Kitaptan Alıntılar...
"Zamanın değerini bilerek,
zamanı gerçek manada değerlendirebilmek ise, hiç şüphesiz ki yaşanan zaman diliminde değerli şeylerin, değerli eylemlerin yapılmasıyla mümkündür. İlahi mesajda beyan edilen ölüm ve ölüm sonrası hesabını dikkate alarak yaptığımız ve yapacağımız bütün Rabbani eylemler, yaşadığımız ve yaşayacağımız zamanları değerlendirecek, değerli kılacak eylemlerdir. Nitekim hesabını verebileceğimiz anlar, hesap bilinciyle yaşadığımız böylesi anlardır.

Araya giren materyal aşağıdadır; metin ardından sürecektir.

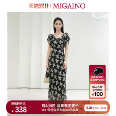 Migaino曼娅奴女装秋季新款设计感蝴蝶结印花收腰雪纺中长连衣裙
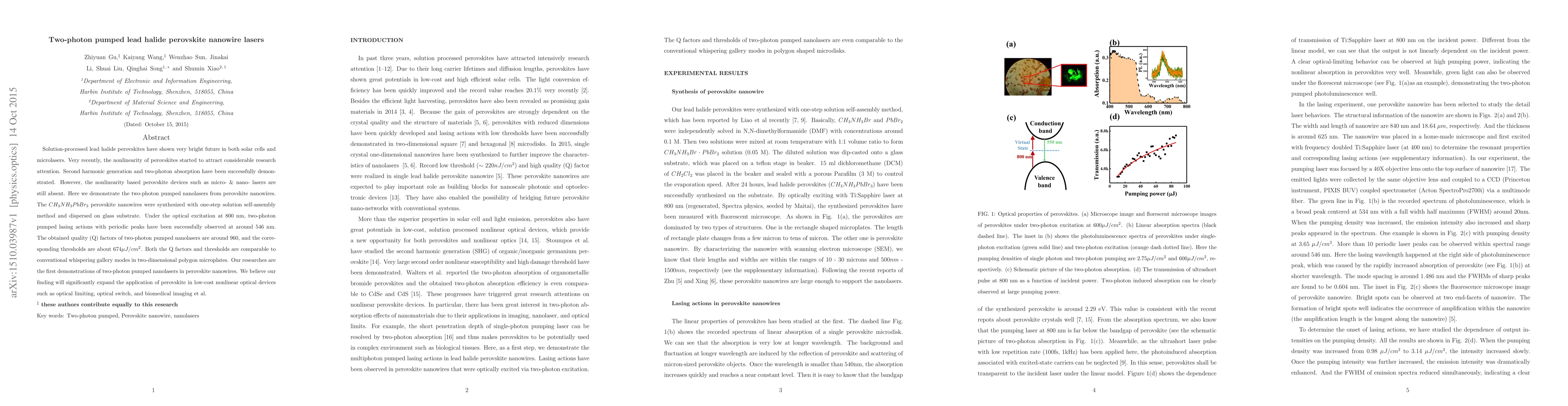 This paper demonstrates the first two-photon pumped nanolasers using CH3NH3PbBr3 perovskite nanowires synthesized via a one-step solution self-assembly method. The nanolasers exhibit periodic peaks at around 546 nm with Q factors of approximately 960 and thresholds comparable to conventional microplates, suggesting potential for low-cost nonlinear optical applications.
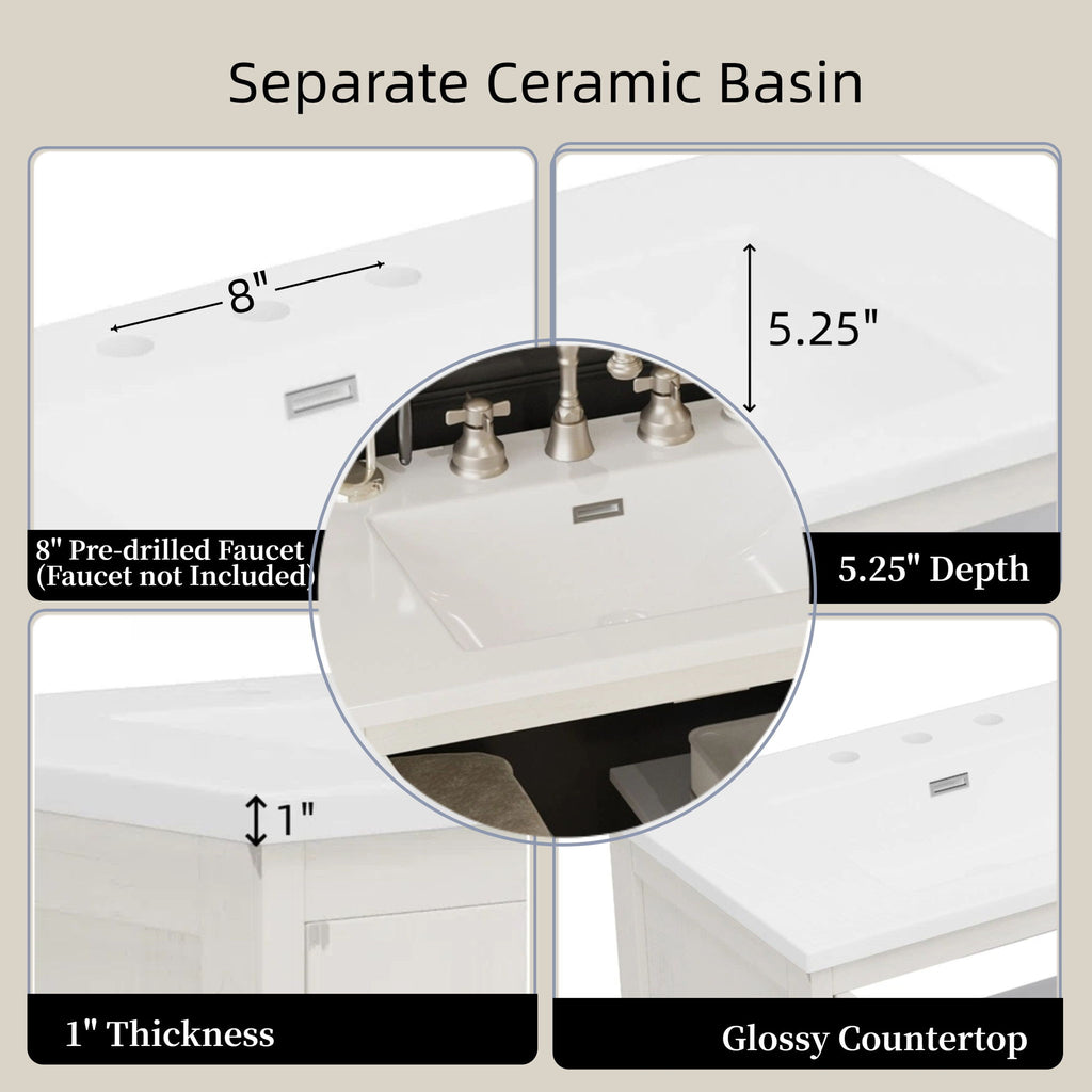 - Ceramic Sink with Deep Basin: Integrated rectangle ceramic sink offers durable, non-porous surface with ample washing space and pre-drilled faucet hole.
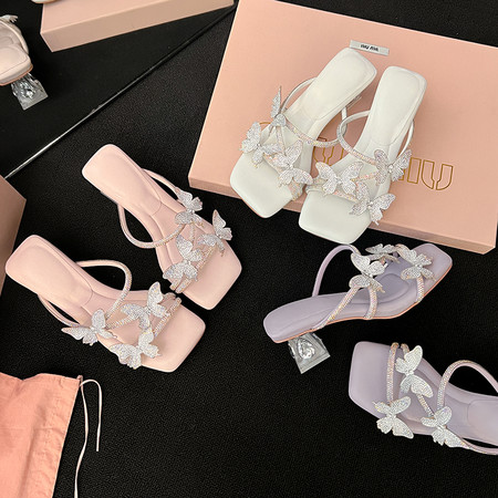 【初夏新款 巨软踩屎感】5CM 一字带坡跟凉拖鞋 百搭透明粗跟花朵凉鞋 数据已测
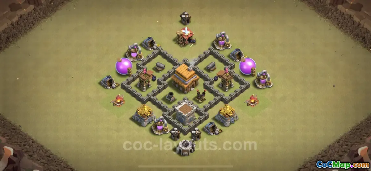 The Town Hall 4 (TH4) basdesign i Clash of Clans (COC) är speciellt framtagen för att försvara sig mot trestjärniga attacker under Clan War Leagues (CWL). Dessa baser syftar till att ge robust skydd genom att effektivt motverka vanliga strategier som används av angripare på denna nivå. En välstrukturerad TH4-bas kan avsevärt förbättra en spelares försvar, vilket gör det till en nyckelaspekt för dem som vill utmärka sig i krig och skydda sina resurser.
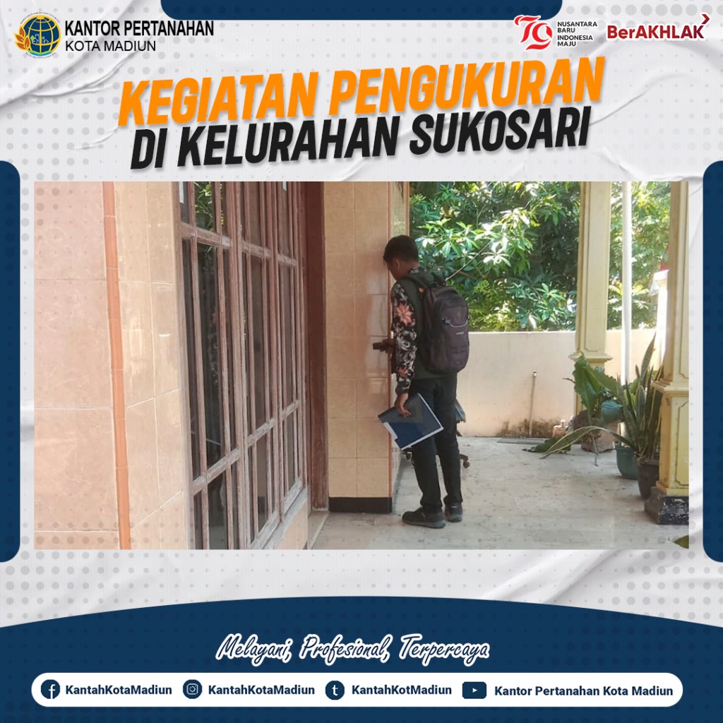 Halo #SobATRBPN, Hari ini Kamis (29/08/2024) Petugas Ukur Kantor Pertanahan Kota Madiun melaksanakan kegiatan pengukuran rutin di Kelurahan Sukosari, Kecamatan Kartoharjo, Kota Madiun.
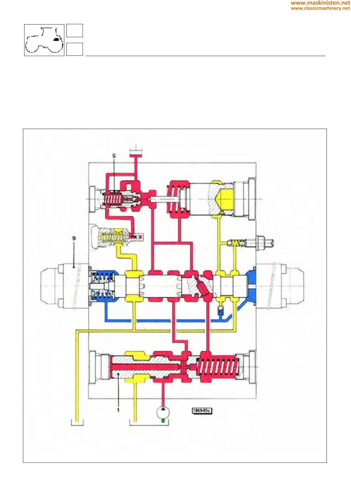 Implement raising is obtained by supplying current to electrovalve 9, whose stem is moved to the left.
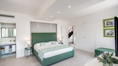 Inside, the villa boasts a bright, open-concept living/kitchen area n, perfect for socialising and enjoying home-cooked meals. An adjacent bedroom, accessed from the terrace, features a private double bedroom with an en-suite shower room for added privacy. The first floor houses two well-appointed double bedrooms, each with en-suite facilities and terrace access to enjoy panoramic sea views. On the second floor, an additional double bedroom with an en-suite shower room and dual terraces provides a serene escape for relaxation.
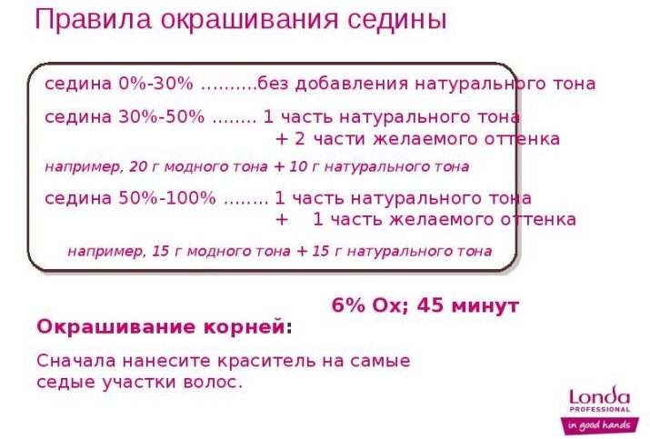 - Gray hair uses a combination of natural and fashionable shades. When the concentration of gray hair over 70% of the natural shade is used in the amount of 50% of all paint used. In the range of 50-70% of gray hair, you need to add a third of a bottle of dye natural range. With a volume of gray hair less than half of the total weight of the strands, you can use the standard paint concentration of any fashionable shade.
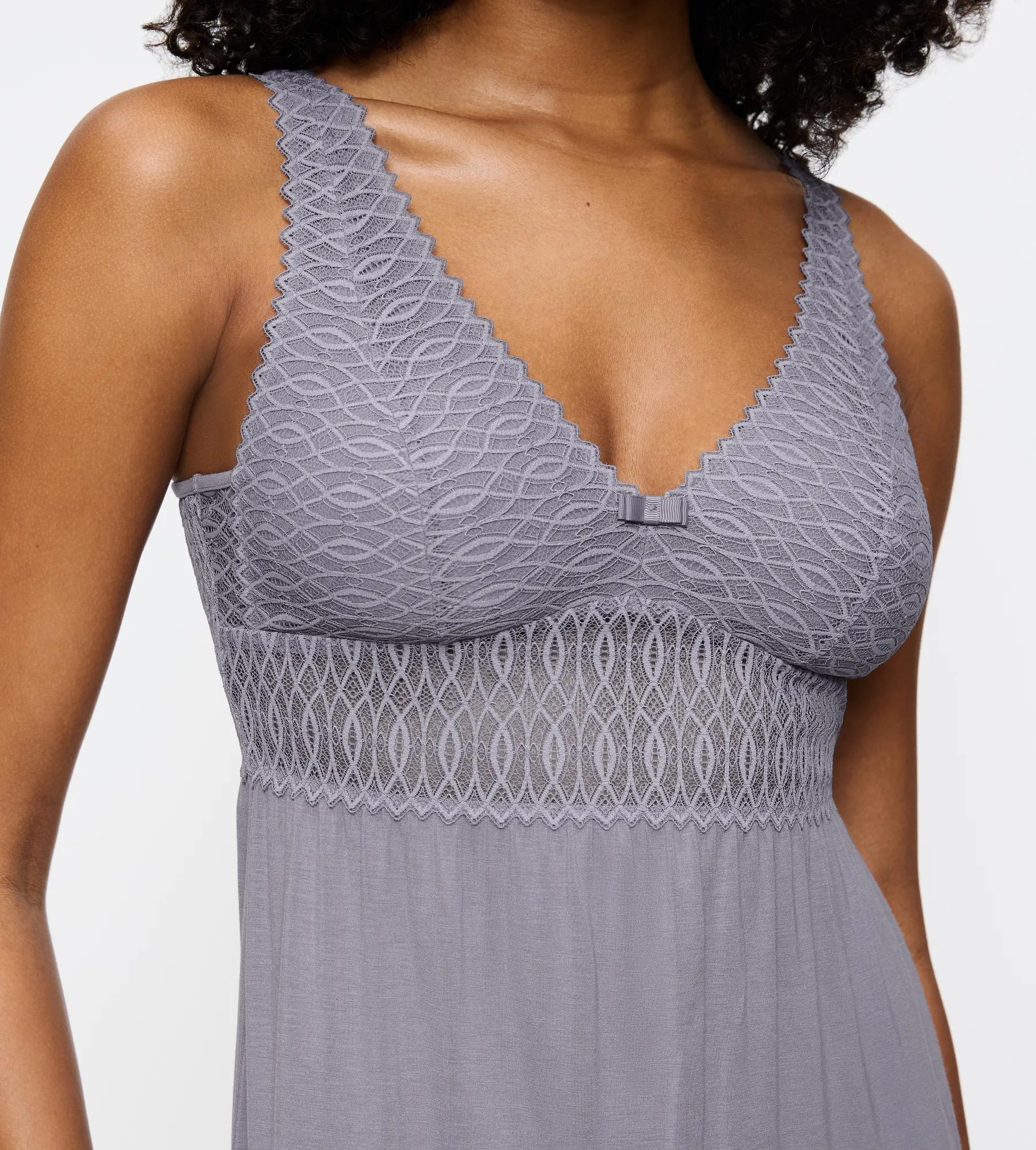 Sensual sleeveless nightdress crafted almost entirely from soft, elastic TENCEL™ Modal fabric, ensuring a flattering silhouette. The lace inserts add a touch of elegance for the perfect blend of sensuality and comfort.
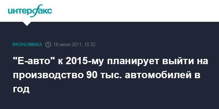 "Е-авто" к 2015-му планирует выйти на производство 90 тыс. автомобилей в год
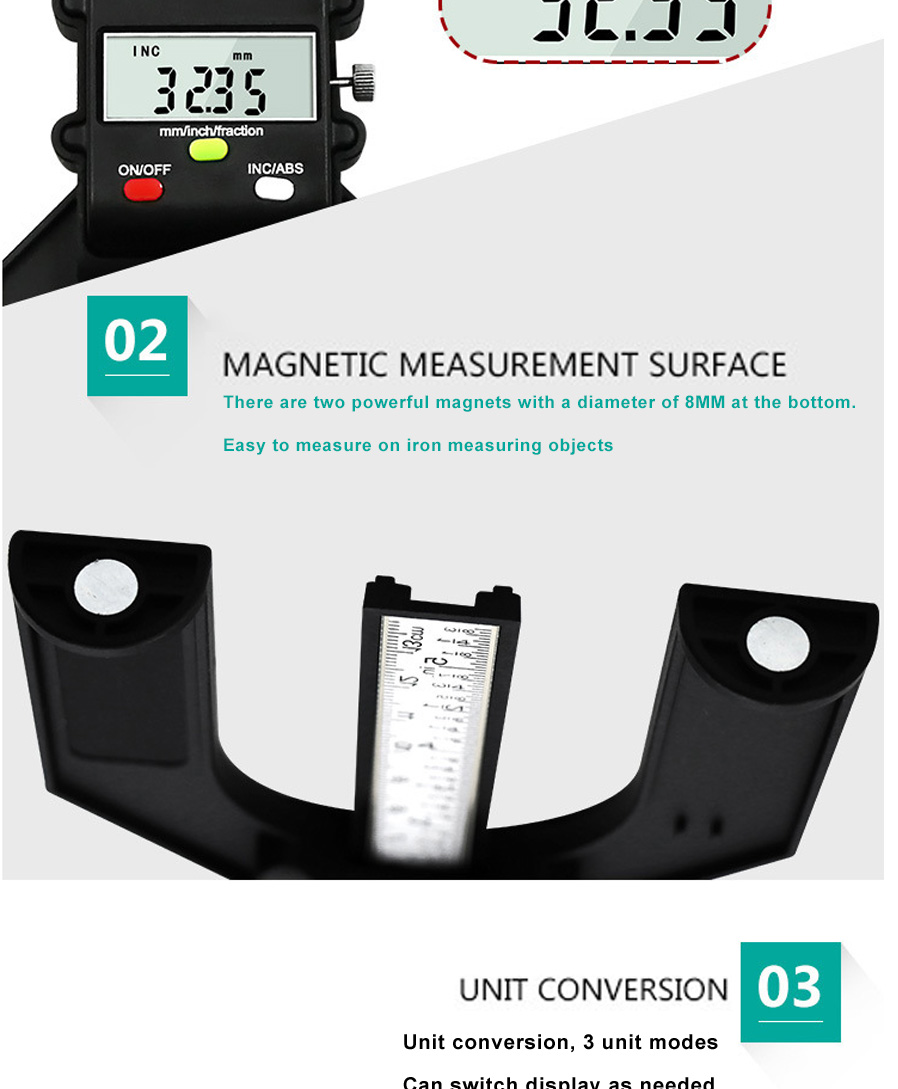 Product Description Model Number: - Accuracy: 0.01mm Caliper Type: Digital Calipers Material: Plastic Measurement Range: 0-80mm DIY Supplies: Woodworking 1. Intuitive reading of liquid crystal display 2: magnetic measuring surface...
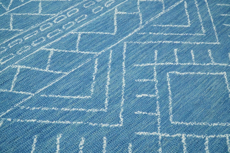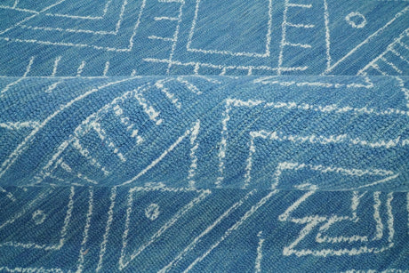 5x8 and 8x10 Hand Made Woolen Modern Blue and Ivory Area Rug | EVE001
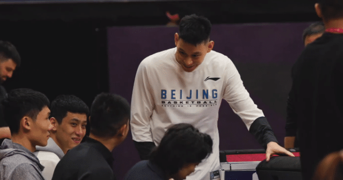 巨星待遇!林书豪现身京沪大战,与秦总热聊,身穿护腰为首钢助威
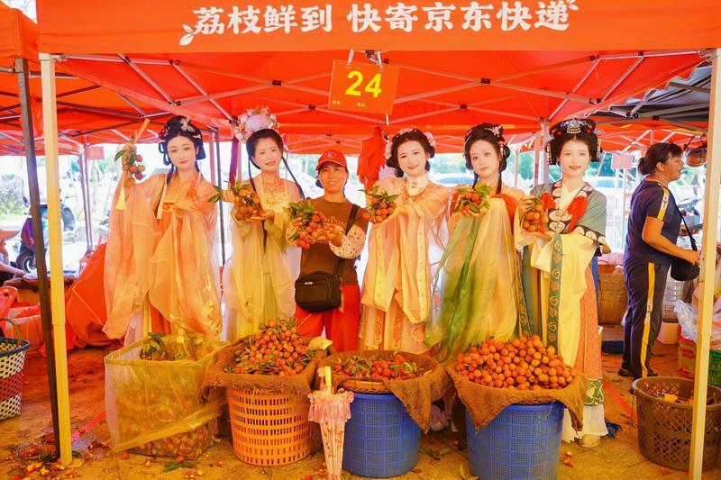 漢服愛好者在現(xiàn)場為鎮(zhèn)隆荔枝打call。
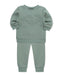He is sure to love this sweatshirt set that is a closet staple. The set includes a green, dinosaur detailed sweatshirt and matching sweatpants. 82% Organic Cotton, 18% Polyester

Dolayısıyle hergün kendi nefislerimize yönelttiği miz "Bugün Allah için ne yaptın?" sorusunu aşarak, "Koskoca yirmidört saattir, Allah için yapman gerekirken, neleri yapmadın?" sorusunu sormamız gerekir. Çünkü muhteşem hesap gününde Allah için yaptıklarımızdan değil, yapmamız gerekirken yapmadıklarımız dan da hesaba çekileceğiz.
An be an soluduğumuz,
yaşadığımız fakat kıymetini bilemediğimiz zamanlardan hesaba çekileceğiz.
İlahi mesaj, bütün bunları idrak edebilmemiz, yaşadığımız zamanın kıymetini bilebilmemiz için bizlere ölüm gerçeğini hatırlatmaktadır. Ayrıca önemle dikkate almamız gereken bir diğer husus ise bizlere öleceğimizi bildiren İlahi mesaj, ne zaman öleceğimizi bildirmemiştir. İnsan ömrü belli bir süre ile standart hale getirilmemiştir. Bütün bunların önemli bir hikmeti, ölüm gerçeğinin her an gelebileceğini bilmemiz ve buna hazırlıklı olmamız içindir."
"Namaza durmak, Allah (c.c.)'dan namazda yardım dilemek, Allah'a müracaatın, Allah'a yakınlaşmanın en mükemmel yoludur. Sosyal yaşantılarında Allah'tan uzaklaşarak Allah'tan yardım dileyenlerin durumu ile, her namazda Allah'ın huzuruna çıkıp, Allah (c.c.)'a bizatihi müracaat ederek yardım isteyenlerin durumu hiç şüphesiz ki aynı değildir."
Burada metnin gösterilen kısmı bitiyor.